#### [WHAT THE EXERCISE ASKS]
Everything below from the line with "在相關(guān)參數(sh" through the line with "Хлеб Гридневъ ржаной" must be retyped exactly, except the pictures.
### GIVEN RECORDS
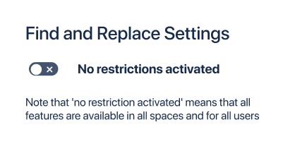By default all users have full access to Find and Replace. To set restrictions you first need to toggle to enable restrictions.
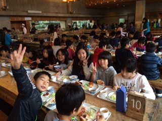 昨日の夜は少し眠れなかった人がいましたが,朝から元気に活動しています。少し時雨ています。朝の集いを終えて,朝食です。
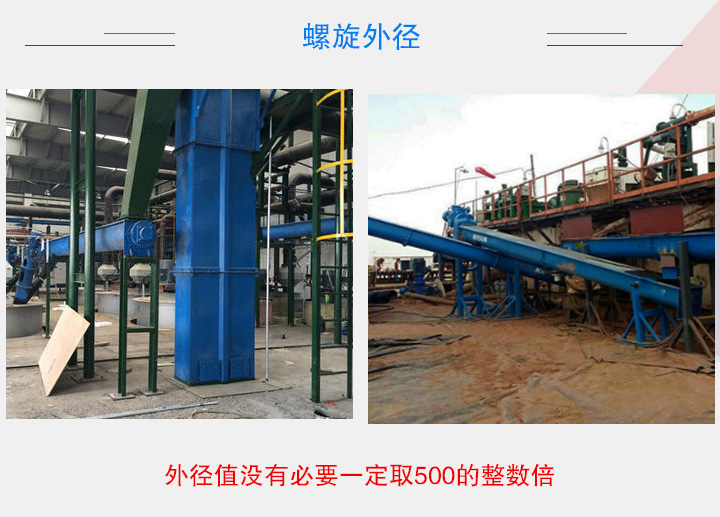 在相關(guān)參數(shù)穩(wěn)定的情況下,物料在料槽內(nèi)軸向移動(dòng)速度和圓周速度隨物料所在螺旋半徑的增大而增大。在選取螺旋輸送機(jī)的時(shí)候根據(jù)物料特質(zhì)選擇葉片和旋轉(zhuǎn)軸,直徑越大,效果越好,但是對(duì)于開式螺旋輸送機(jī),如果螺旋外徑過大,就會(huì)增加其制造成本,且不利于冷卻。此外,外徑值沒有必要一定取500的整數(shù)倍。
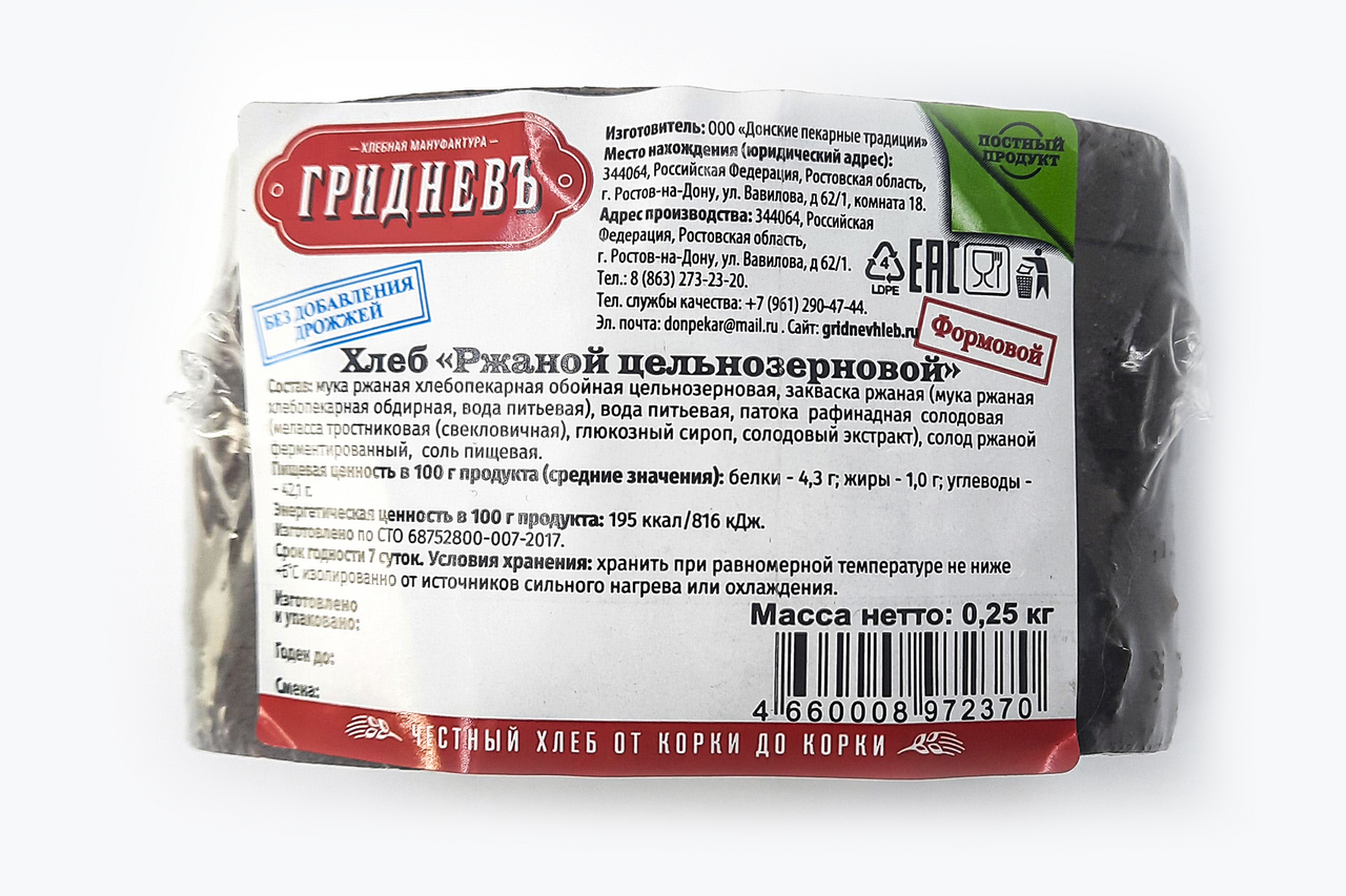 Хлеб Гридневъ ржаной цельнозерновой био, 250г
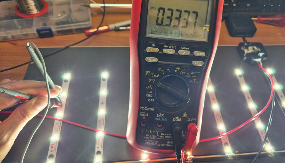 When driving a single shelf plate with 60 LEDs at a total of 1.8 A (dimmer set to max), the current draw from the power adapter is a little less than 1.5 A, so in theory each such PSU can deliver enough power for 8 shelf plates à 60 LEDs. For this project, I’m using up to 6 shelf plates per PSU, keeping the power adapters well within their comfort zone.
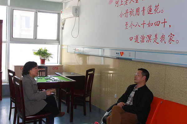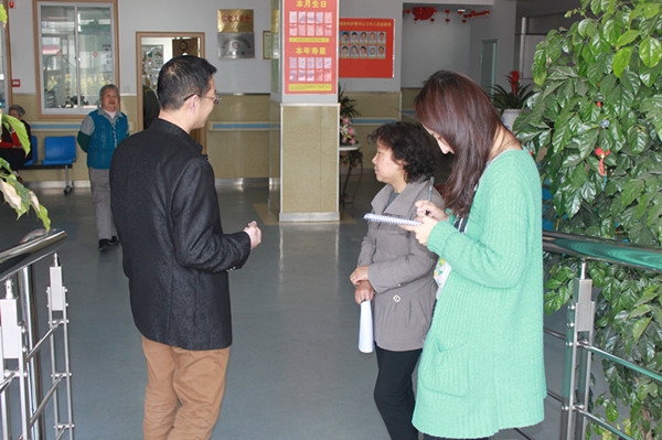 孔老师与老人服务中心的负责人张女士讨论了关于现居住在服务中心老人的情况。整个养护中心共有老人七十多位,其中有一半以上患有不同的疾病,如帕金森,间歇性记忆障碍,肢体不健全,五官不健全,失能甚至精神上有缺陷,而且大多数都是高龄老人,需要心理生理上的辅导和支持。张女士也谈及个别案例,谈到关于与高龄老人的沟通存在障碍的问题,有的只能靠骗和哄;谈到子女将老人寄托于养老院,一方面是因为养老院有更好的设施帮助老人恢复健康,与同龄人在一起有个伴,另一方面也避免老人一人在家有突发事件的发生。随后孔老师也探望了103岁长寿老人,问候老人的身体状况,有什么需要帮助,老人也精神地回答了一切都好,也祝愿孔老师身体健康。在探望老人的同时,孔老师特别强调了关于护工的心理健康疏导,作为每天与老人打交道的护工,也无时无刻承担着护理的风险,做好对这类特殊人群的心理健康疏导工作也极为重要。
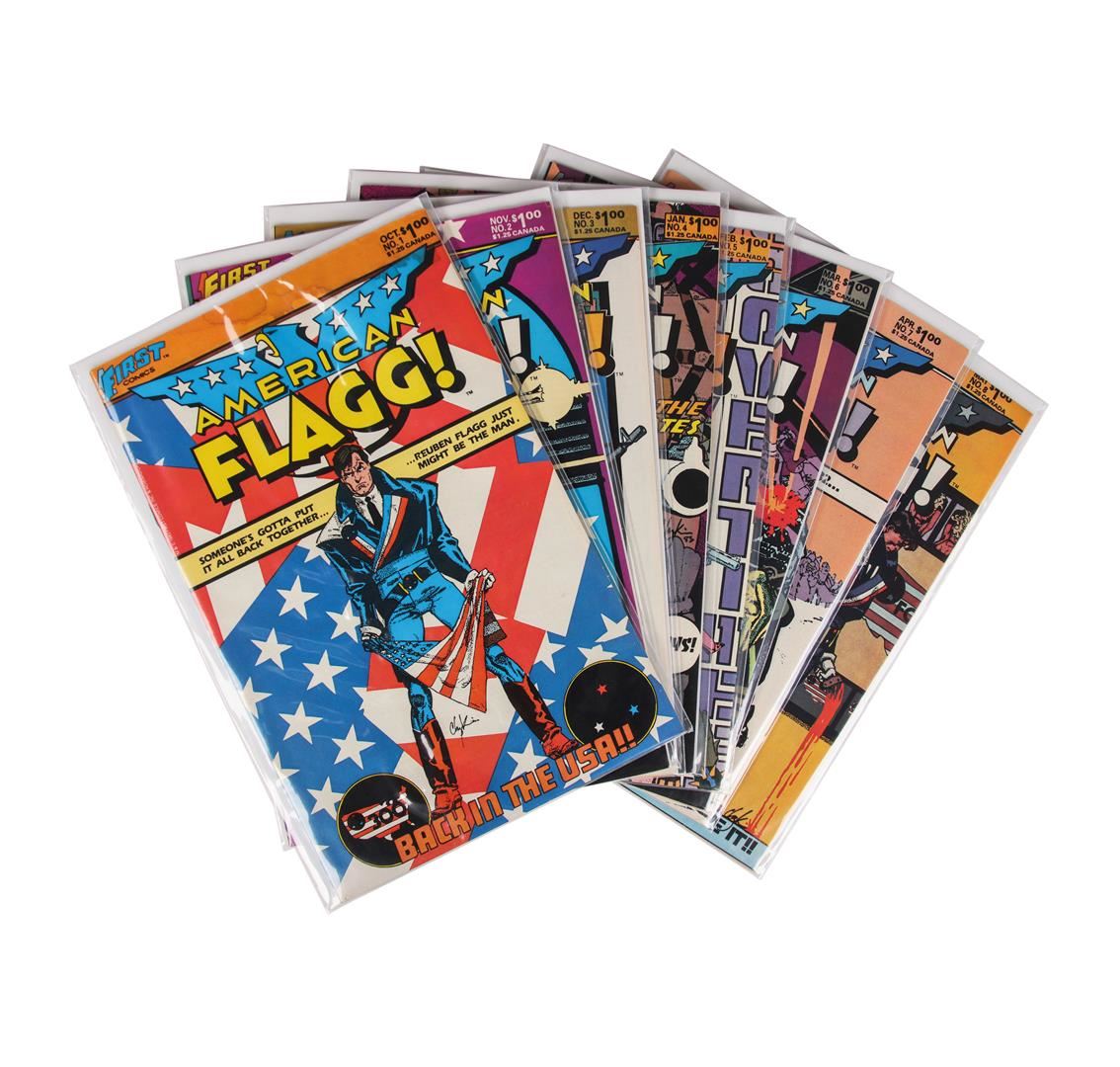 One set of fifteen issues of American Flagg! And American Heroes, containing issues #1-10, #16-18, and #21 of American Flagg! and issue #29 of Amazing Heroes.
######
#### [REPLY]
 在相關(guān)參數(shù)穩(wěn)定的情況下,物料在料槽內(nèi)軸向移動(dòng)速度和圓周速度隨物料所在螺旋半徑的增大而增大。在選取螺旋輸送機(jī)的時(shí)候根據(jù)物料特質(zhì)選擇葉片和旋轉(zhuǎn)軸,直徑越大,效果越好,但是對(duì)于開式螺旋輸送機(jī),如果螺旋外徑過大,就會(huì)增加其制造成本,且不利于冷卻。此外,外徑值沒有必要一定取500的整數(shù)倍。
 Хлеб Гридневъ ржаной цельнозерновой био, 250г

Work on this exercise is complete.